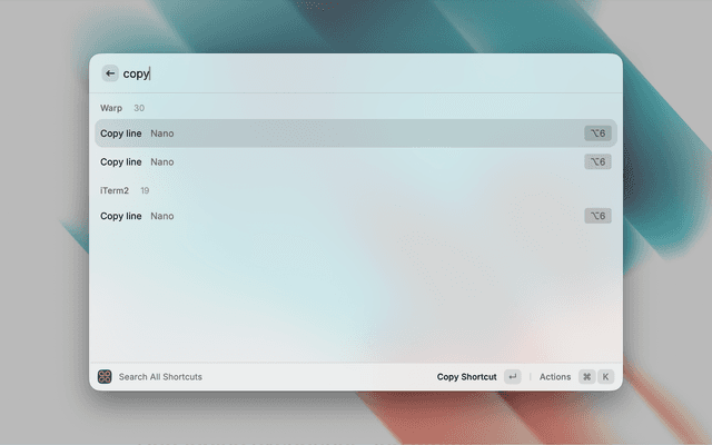 • Multi-step shortcut support (e.g. ⌘K → ⌘C)
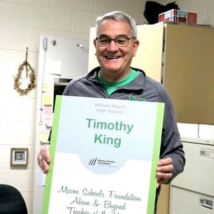 Mr. King exclaimed “MHS is a very exciting place!” and that receiving this award was a big surprise for him. However, it was not a surprise to anyone else! He shared, “Finding a teaching job in Mason has been one of the best things that has ever happened to me. This has been a great community and school district for as long as I have known it.”
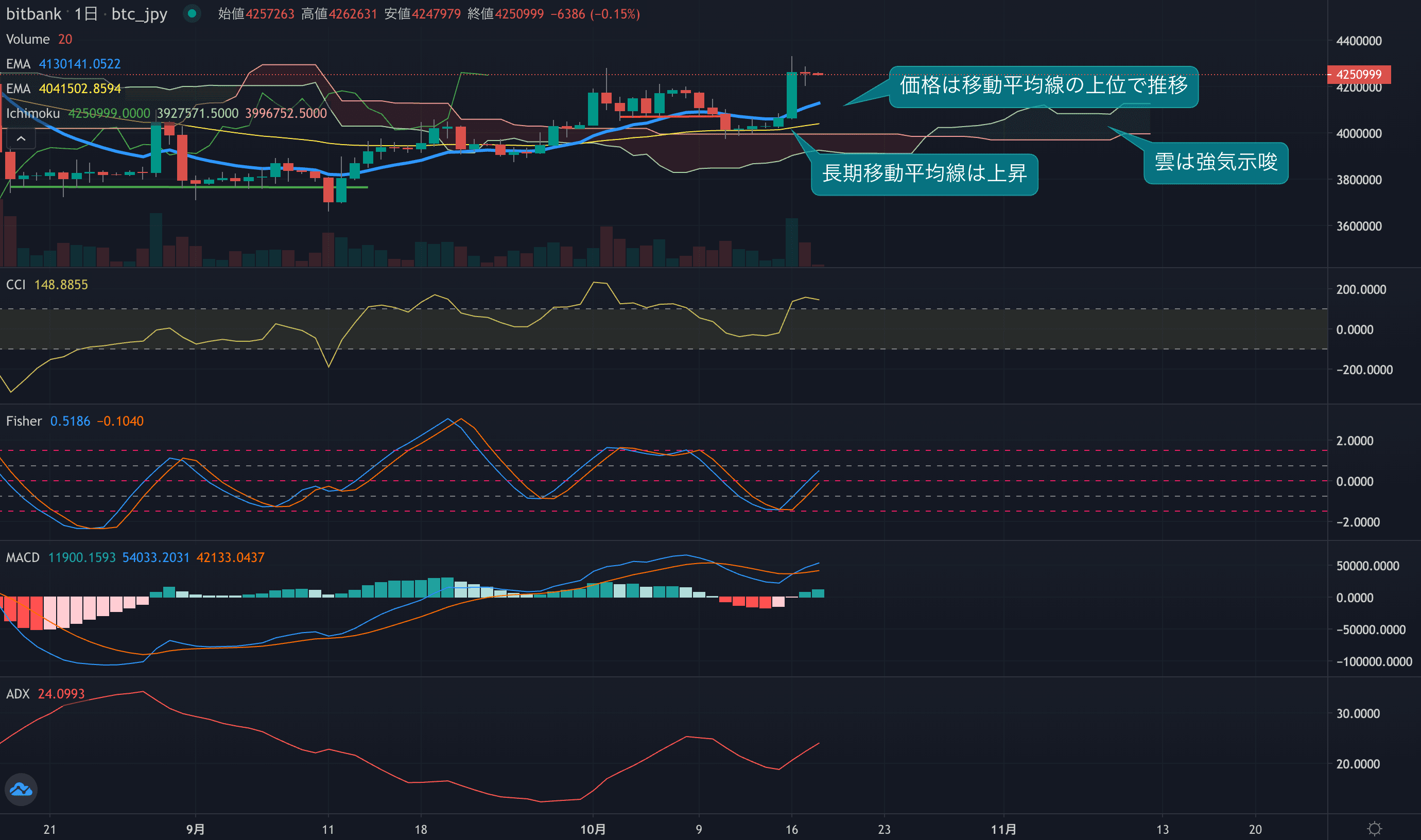 - オシレーターは足元で上昇傾向です。CCIは大きくプラスとなり161で推移。Fisherは足元で上昇し本日からプラスで推移しています。長期オシレーターのMACDは、昨日ゴールデンクロスを記録し、買いシグナルが出ています。

|---|

| PROBLEM STATEMENT |
Copy out the lines above unchanged. Skip the images.

| THE COMPLETED TASK |
 • Multi-step shortcut support (e.g. ⌘K → ⌘C)
 Mr. King exclaimed “MHS is a very exciting place!” and that receiving this award was a big surprise for him. However, it was not a surprise to anyone else! He shared, “Finding a teaching job in Mason has been one of the best things that has ever happened to me. This has been a great community and school district for as long as I have known it.”
 - オシレーターは足元で上昇傾向です。CCIは大きくプラスとなり161で推移。Fisherは足元で上昇し本日からプラスで推移しています。長期オシレーターのMACDは、昨日ゴールデンクロスを記録し、買いシグナルが出ています。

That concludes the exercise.